Dr. Edmonds: Over the last 10 years, there have been a series of reports indicating that if you give focused, long-term, bone-seeking antibiotics, you can achieve resolution of the osteomyelitis without recourse to surgery. The success rates vary, but there is approximately a 70-80% resolution with antibiotics alone. We initially would try antibiotics and monitor the patient very closely such that if we see progress we will carry on with antibiotics and if there is deterioration then we would resort to surgery. But, it partly depends on the scenario in which you get the bone infection. If you’ve got a scenario where the rest of the foot is severely infected and there is gangrene, then that means surgery. So it’s a spectrum from severe infection with gangrene and bone infection down to mild infection with some degree of bone infection. It’s in the middle of the spectrum that you have to decide whether to go for surgery or antibiotics.
Diabetes1: Can people expect a full recovery from osteomyelitis or is it chronic condition?

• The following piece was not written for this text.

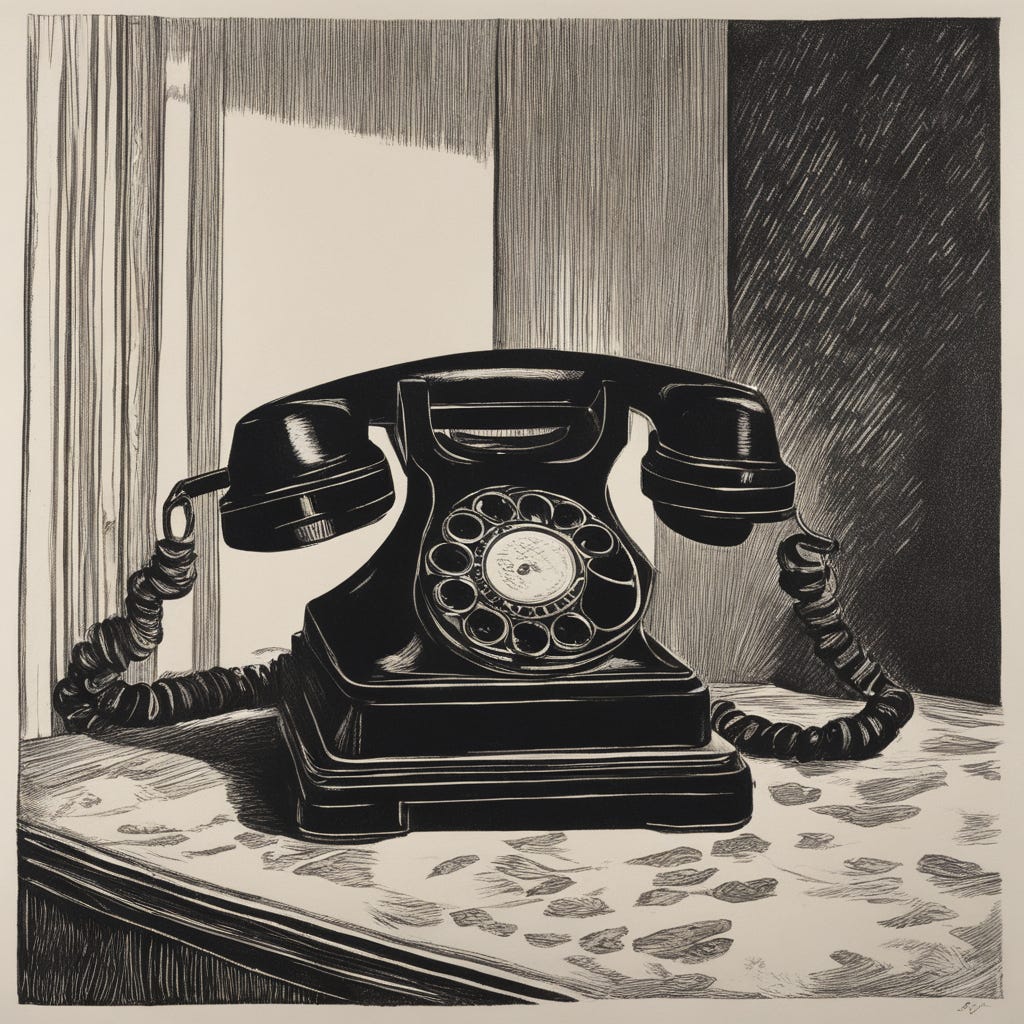 Ned drummed his gnawed fingernails on the moisture-warped surface. He stared down the land line phone sitting before him, daring it to ring. When it finally did, he nearly jumped out of his chair.

Dr. Edmonds:You can expect a full recovery. Usually the osteomyelitis is developed from an ulcer where the bacteria has entered. So the ultimate short-term aim is to cure the osteomyelitis either by chopping the bone out or sterilizing it by antibiotics and to get the overlying ulcer healed. Once that’s healed, the foot is intact, but in the background the patient still has the neuropathy and is prone to recurring ulceration and is still prone to infection. So if you can get a patient healed, follow them up very closely, and they look after their feet very well, then theoretically they won’t get a recurrence. But people do get recurrences.
Diabetes1: What do you envision for the future of diabetic foot medicine? Will light therapy and nitrogen oxide play a greater role or is something else on the horizon?
Dr. Edmonds: The practical issue at the moment is to allow all diabetic patients to have access to multidisciplinary, specialized clinics that will get their ulcers and their osteomyelitis under control. We haven’t in this interview broached the issue of ischemia, but diabetics also have a reduction in blood supply, which has to be dealt with in conjunction with treating the osteomyelitis. Those treatments are given appropriately and early and you get very rapid healing and you can keep these patients free from amputation. So, I think its doing what we say we are doing. In a sense that is the overall umbrella approach. The ultimate aim, of course, is to prevent the neuropathy. If you prevent the neuropathy, then you will prevent all these people from getting ulcers. But there is a limited understanding of neuropathy at the present, so we cannot reverse that. There are new methods to treat ulcers which are ultrasound or radio waves. Those are under investigation. Nitric oxide therapy may be important. Perhaps, if these techniques can be shown to be efficacious, then they will be used aggressively and early to get these patients healed before they have developed infection or osteomyelitis. The first thing is to prevent the neuropathy. The second thing is to prevent the ulcer. Thirdly, is to heal the ulcer quickly to prevent infection. Finally, is to treat the infection aggressively before they get gangrene and need amputation.
Dr. Edmonds is also the author of numerous research articles and books on the care of the diabetic foot, including the 'Practical Manual of Diabetic Foot Care'.